Au MIAM de Sète, il y avait Fait Maison, il y aura dorénavant Fait Machine. Car l’ingéniosité humaine n’a point de limites et l’on peut compter sur la sagacité des artistes pour en faire leur miel, telles des abeilles à partir du pollen floral.
En témoignent au demeurant les douze sculptures en impression 3D, intitulées Fractal Flowers, de Miguel Chevalier, toutes en délicatesse et fragilité dans leur meuble de protection translucide. Elles s’inspirent de la nature pour proposer de nouvelles espèces. On est pourtant dans l’artificiel le plus pur, l’artiste pouvant modeler à sa guise des spécimens floraux inédits, par des variations de code. Il les préfère immaculées, ce qui les distingue bien des naturelles. Miguel Chevalier, l’un des initiateurs de cette exposition de création digitale à partir d’outils numériques, nous accueille d’ailleurs, dès l’entrée, avec sa Fenêtre mémoire hexadécimale infinie, carré sombre que viennent illuminer des séries régulières de chiffres et lettres codés, créant une illusion de profondeur.
Comme on le pressent d’emblée, l’art peut s’accommoder de la science et aider l’artisanat à concevoir de l’inattendu. Ensuite, on pénètre un espace où le fantastique va de pair avec le fabuleux : La Mimésis, de Pit Molling, arbore une étrange végétation hybride, à base de bois et d’impression 3D soumis aux assauts de l’acide. Ensuite, c’est le paradis des petites sculptures et de la porcelaine : le concept Fait Machine a été fourni par l’équipe d’enseignants et chercheurs d’un laboratoire artistique de Limoges. On s’étonnera de la grande variété des céramiques réalisées à l’imprimante : Do it yourself, du précurseur Jonathan Keep. Raphaëlle Kerbrat parvient à rendre concrètes nos communications sans fil. Le résultat visuel est étonnant et paradoxalement savoureux, du fait de la suavité des formes accumulées. Les assemblages, plâtre et porcelaine, d’Andréa Rodriguez Víal s’avèrent d’une surprenante variété rythmique. Berdaguer et Péjus n’ont pas leur pareil pour capter, en poésie, le langage des Martiens. Michel Paysant, l’autre instigateur de ce Fait machine, matérialise des lignes de sons sur de simples vases.

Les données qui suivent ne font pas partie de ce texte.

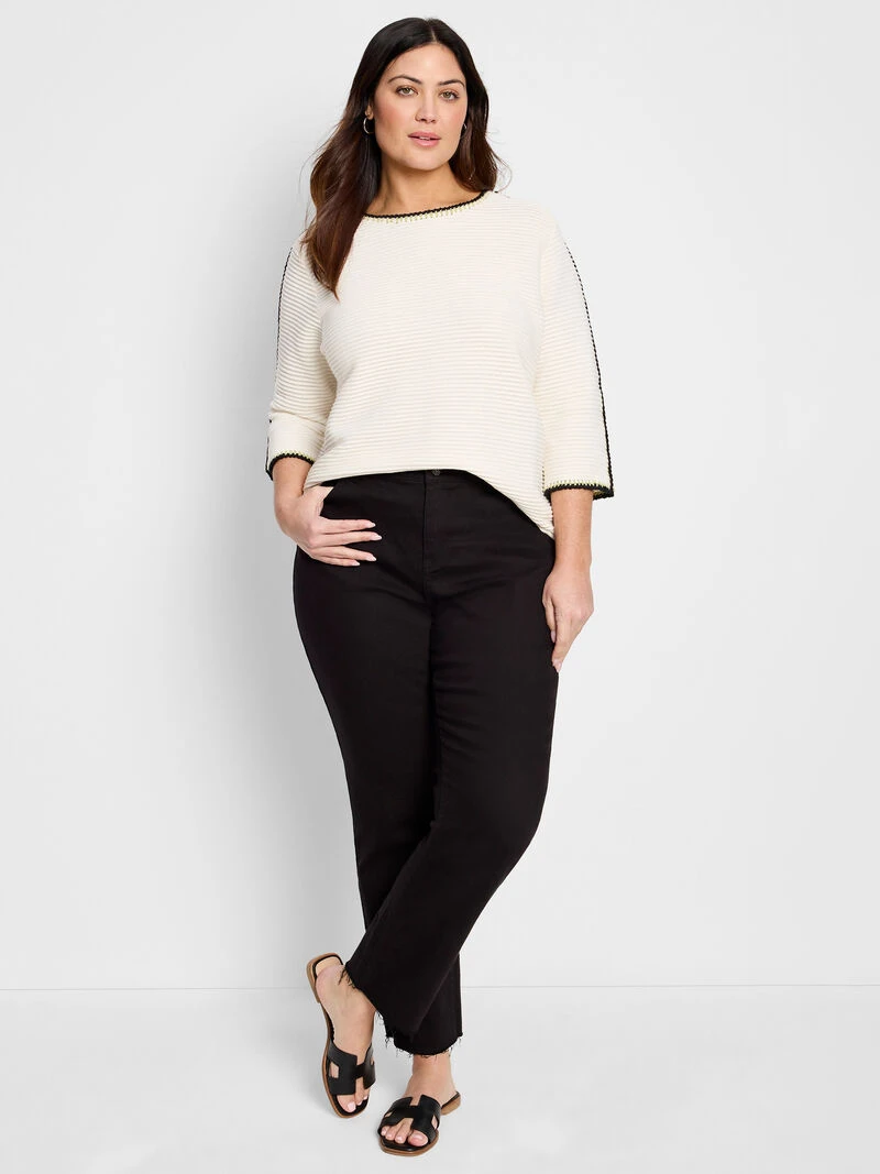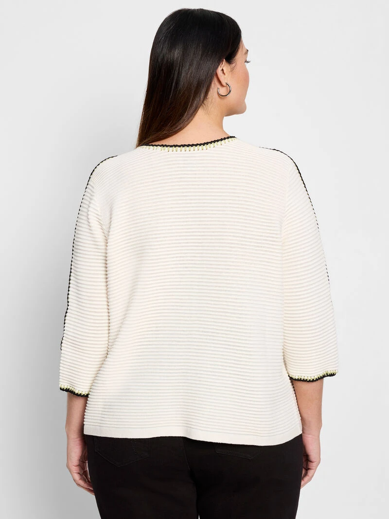 Where technical brilliance and knitwear expertise meets traditional artistry. Inspired by traditional Ottoman stitching that produces a robust ribbed texture, our take is on the softer side while maintaining more solid feel. We also added blanket stitch detailing in two different yarns along the neckline and sleeve. Great with denim or the office. Mindfully Made from fully fashioned knitwear that eliminates textile waste.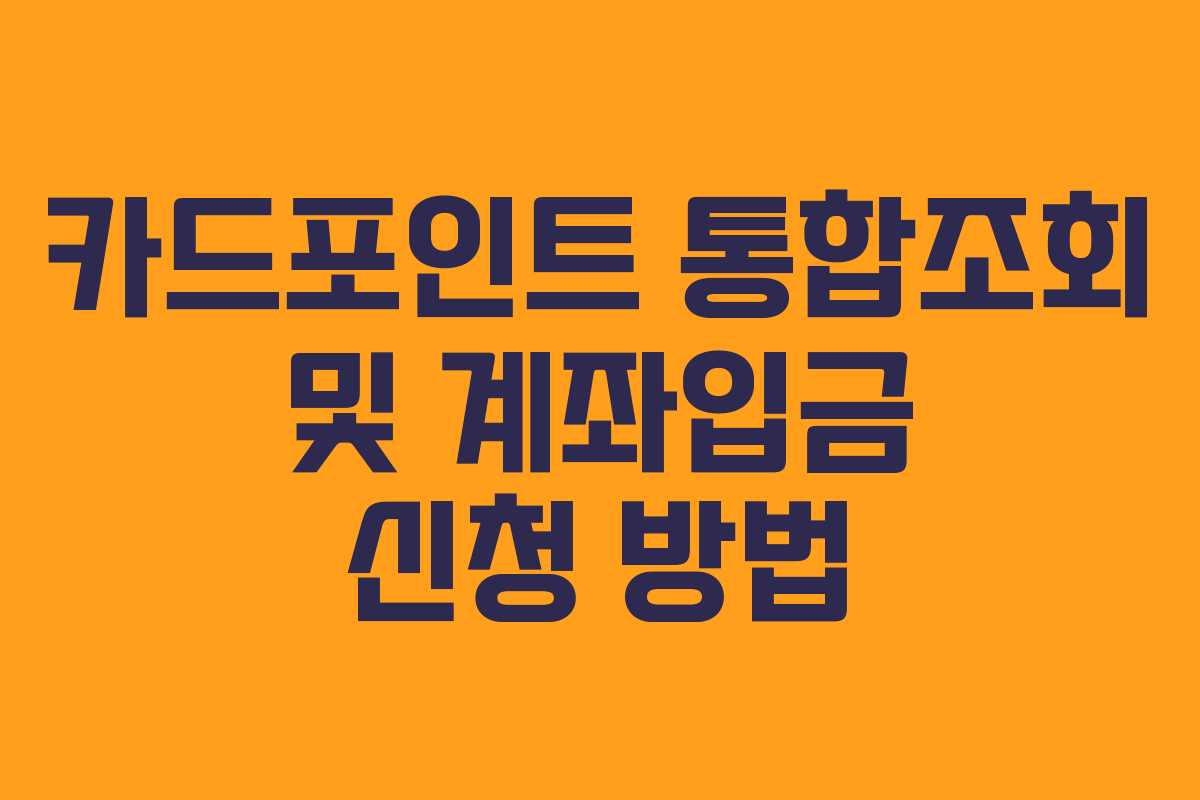 카드포인트 통합조회는 여러 카드사에서 적립한 포인트를 한 번에 확인하고 현금으로 입금 신청할 수 있는 유용한 서비스입니다. 이번 글에서는 여신금융협회가 제공하는 통합조회 시스템을 통해 카드포인트를 조회하고, 계좌로 입금 신청하는 방법에 대해 상세히 알아보겠습니다.

Camille Reidt s’inspire des graines végétales, Noémie Pilo des haïkus, Boryana Petkova de notre respiration corporelle… Une inventivité à couper le souffle effectivement. Si le rez-de-chaussée nous plonge d’emblée dans un univers du faire numérique, le premier étage propose plutôt des environnements, des machines inventées par les artistes, tout en rendant hommage au métier à tisser et aux premières cartes perforées, ancêtres du code. Ainsi pénètre-t-on le cabinet de toilettes en fil (conducteur de cet étage), tout à claire-voie de Philipp Schaerer et Reto Steiner ; se voit-on confrontés à la machine à tricoter de Varvara & Mar, ou à un prototype de jupe noire conçue par Jeanne Vicerial, grâce à la « tricotisseuse ». On peut s’intéresser aux déformations produites sur la figure de Mickey, par Matthew Plummer Fernandez. Ou sur le passage du virtuel au réel dans l’installation généreuse, colorée, de Laureline Galliot.
L’exposition se clôt symboliquement sur un somptueux tapis suspendu, aux couleurs chatoyantes, de Faig Ahmed qui montre bien l’apport des nouvelles technologies à la tradition, mais on demeure encore dans l’objet concret et sa matérialité… Car sur un écran numérique, des algorithmes génératifs projettent la cosmogonie infinie, d’Antoine Schmitt. Que retenir de tout cela ? Que la création n’est pas forcément un acte solitaire puisqu’il peut s’avérer le fruit d’une réflexion collective. Qu’il ne faut pas avoir peur de la science ni des nouvelles technologies, lesquelles peuvent aider à renouveler les formes traditionnelles, et même ouvrir de nouvelles pistes à l’imaginaire. Enfin que laisser faire à la machine ce qui prendrait un temps non négligeable à l’individu doit être considérée comme une avancée, et pourquoi pas un signe de modestie. Après tout, nous sommes bien au Musée des arts modestes.